*** Block opens ***

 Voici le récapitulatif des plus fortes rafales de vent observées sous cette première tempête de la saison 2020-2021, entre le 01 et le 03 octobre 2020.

*** Block closes ***
*** Block opens ***

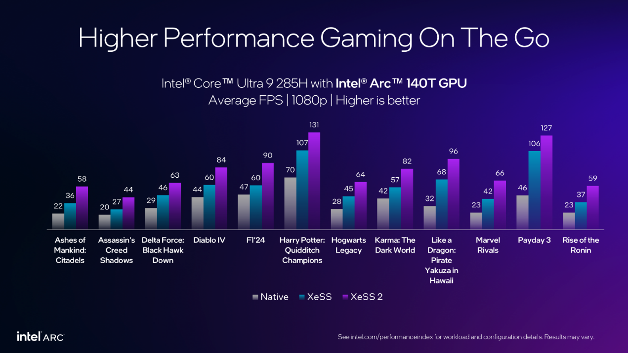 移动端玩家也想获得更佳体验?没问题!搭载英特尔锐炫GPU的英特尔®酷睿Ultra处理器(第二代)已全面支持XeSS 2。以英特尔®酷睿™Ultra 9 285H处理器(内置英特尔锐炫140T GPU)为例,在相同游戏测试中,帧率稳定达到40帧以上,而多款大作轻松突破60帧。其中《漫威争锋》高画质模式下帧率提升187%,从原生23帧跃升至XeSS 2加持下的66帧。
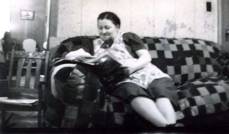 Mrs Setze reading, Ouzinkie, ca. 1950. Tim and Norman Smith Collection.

*** Block closes ***

:: Your objective ::
When copying from the data above, begin at the line containing "2。以英特尔®酷睿™Ultra 9 285H处理器(内置英特尔锐炫140T" and end at the line containing "Mrs Setze reading, Ouzinkie, ca."; return those lines exactly and leave all pictures behind.

:: Solution to this problem ::
 移动端玩家也想获得更佳体验?没问题!搭载英特尔锐炫GPU的英特尔®酷睿Ultra处理器(第二代)已全面支持XeSS 2。以英特尔®酷睿™Ultra 9 285H处理器(内置英特尔锐炫140T GPU)为例,在相同游戏测试中,帧率稳定达到40帧以上,而多款大作轻松突破60帧。其中《漫威争锋》高画质模式下帧率提升187%,从原生23帧跃升至XeSS 2加持下的66帧。
 Mrs Setze reading, Ouzinkie, ca. 1950. Tim and Norman Smith Collection.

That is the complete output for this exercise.